犯人の男は自閉症という障害を持っていたようですが、メディアで報道される
こともなく、裁判は「自閉症」という障害を認めずに進行していく様を丹念に
追っています。
障害者だから減刑されるべき、という論調にあるのではなく、被害者遺族の
感情にも寄り添いながら、障害を持つ者が事件当事者となった場合の公平な
裁判のあり方、について考察しながら論を進めています。
愛されて育ちながら突然生命を奪われた女子大生と、この事件によって
見いだされ、福祉の手当てを受けながら短い生を終えた、末期ガンを抱えた
レッサーパンダ男の妹。

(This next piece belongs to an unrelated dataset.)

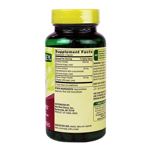 Spring Valley Turmeric Curcumin with Ginger Powder is a dietary supplement that promotes general wellness and supports a healthy inflammatory response while also supporting cardiovascular, immune, joint, and skin health.* Turmeric is a bright yellow herb that has been used throughout the world for centuries and is an important herb in ayurvedic wellness. Each vegetarian capsule contains 400 milligrams of turmeric powder, 50 milligrams of turmeric extract, and 50 milligrams of organic ginger powder to support inflammatory health and general wellness.* The 50 milligrams of turmeric extract in this supplement is standardized to 95% curcuminoids, an important bioactive compound found in the root of the turmeric plant. Each container comes with 250 single-serving, GMO-free vegetarian capsules free from gluten, yeast, wheat, milk or milk derivatives, lactose, soy, and sugar, and contain no artificial colors or flavors. They also contain no preservatives, artificial colors, or artificial flavors. Supplement your healthy lifestyle with Spring Valley Turmeric Curcumin with Ginger Powder.

この二人の女性の存在がなんとも運命的です。
総じて「渾身のドキュメンタリー」という感がありますが、残念なのは文中にちらちらとその
影を認めつつ、最後まではっきりとは書かれなかった、被告人が「ある人と知り合ってから
(自分は)変わった」「結婚したい」と言っている女性の存在です。
まあプライバシーの問題もあるでしょうし、弁護団や支援団体と意見が合わなかったのかどうか
判りませんが、この女性の存在はおそらく大きな影響を持っていたであろうと想像され、
そのあたりについて言及がないのは残念です(文庫版後書きには少し出てきます)。
しかしこの手のドキュメンタリーで共通してあぶり出されるのは、ひとつは「裁判」そのものの
ありかたで、つまり「裁判」とは真実を明らかにして罪の重さを「刑罰」にあてはめるもの
ではなく、より重い罪を追求する検察側とより軽い罪を目指す弁護側との闘いであって、
その闘いの前に「真実」は下手をすると作り替えられもする、ということです。
それからメディア。
この本でもメディアの報道についての批判が書かれていますが、最近のメディアに関わる人たち
は、このような批判を見ても何とも思わないんじゃないかしら。
ひと昔前のメディアに関わる人間であれば、激怒しそうなことでも、
「だって世間がそうなんだから仕方ない」とか平気で言いそうな気がする。
現在のメディアは、そのくらい末期的なんじゃないかと思ってしまうのです。
つまり、現代はコマーシャリズムはあっても、メディアは既に死んでいるのではないか、と。